====== Supplied data
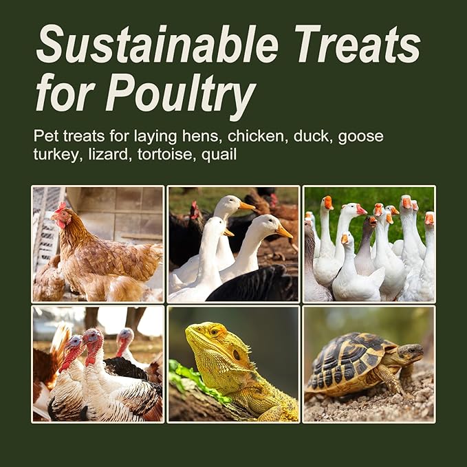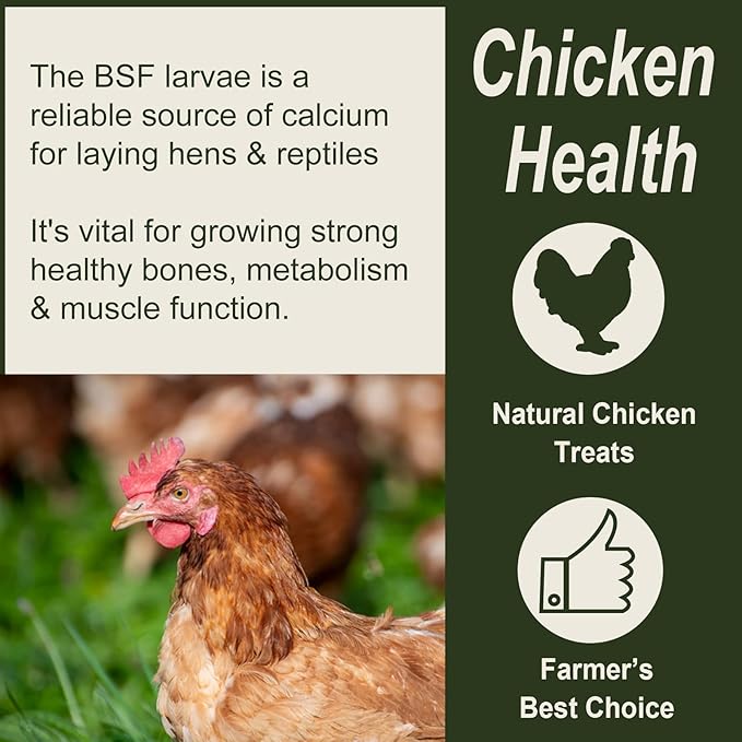 • PACKED FULL OF ENERGY: When you chickens eat the larva, they're getting the benefit of all that energy. Black Soldier Fly larvae make a great staple food or treat for chickens and many reptiles, like bearded dragons, leopard geckos, poison dart frogs, crested geckos, day geckos, and turtles etc.
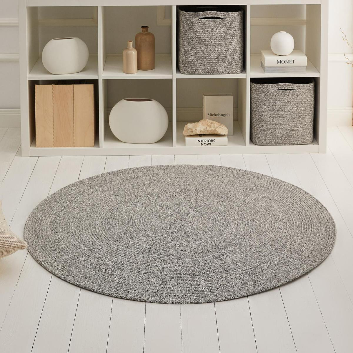 Ocean Home Textile Yıkanabilir Gri Kırçıllı Pamuklu Halı Kilim Ø 120 Cm
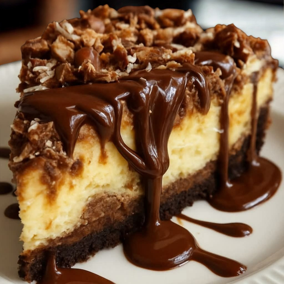 Deliciosa rebanada de pay de queso con topping de cajeta, nuez y trocitos de chocolate amargo, en una base de galleta crujiente.
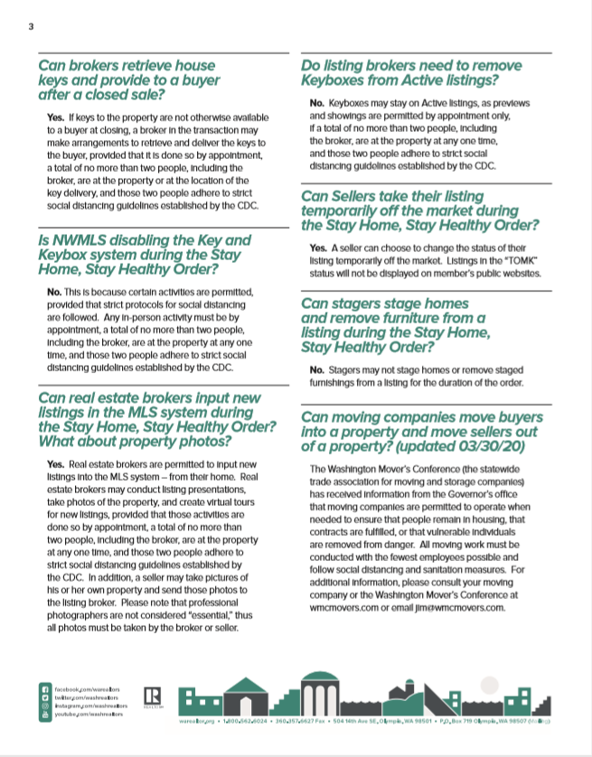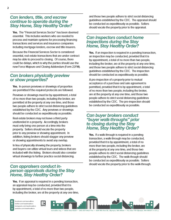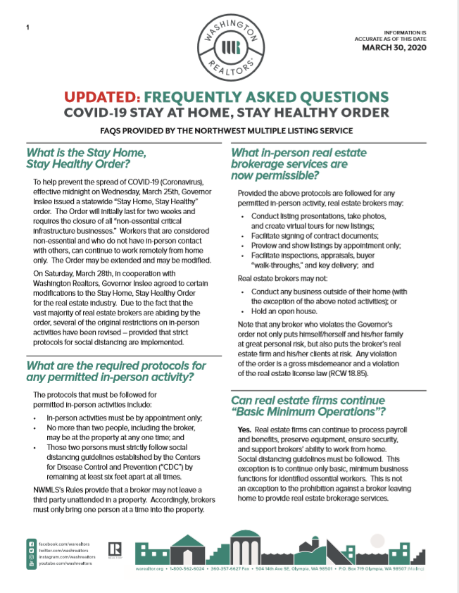 The need to allow members of our community to complete real estate transactions has been recognized, as the treat of displacement is a pressing issue in the PNW. We are now able to perform some of our Realtor® duties, however, there are certain restrictions. According to the latest Governor’s order, as of March 28th, 2020 brokers and one additional person are allowed to preview a property as long as social distancing rules are observed.
============
Exactly as they stand, set down the lines from the start of the material through the line with "Deliciosa rebanada de", both ends included, omitting the pictures.

> Answer area:
 • PACKED FULL OF ENERGY: When you chickens eat the larva, they're getting the benefit of all that energy. Black Soldier Fly larvae make a great staple food or treat for chickens and many reptiles, like bearded dragons, leopard geckos, poison dart frogs, crested geckos, day geckos, and turtles etc.
 Ocean Home Textile Yıkanabilir Gri Kırçıllı Pamuklu Halı Kilim Ø 120 Cm
 Deliciosa rebanada de pay de queso con topping de cajeta, nuez y trocitos de chocolate amargo, en una base de galleta crujiente.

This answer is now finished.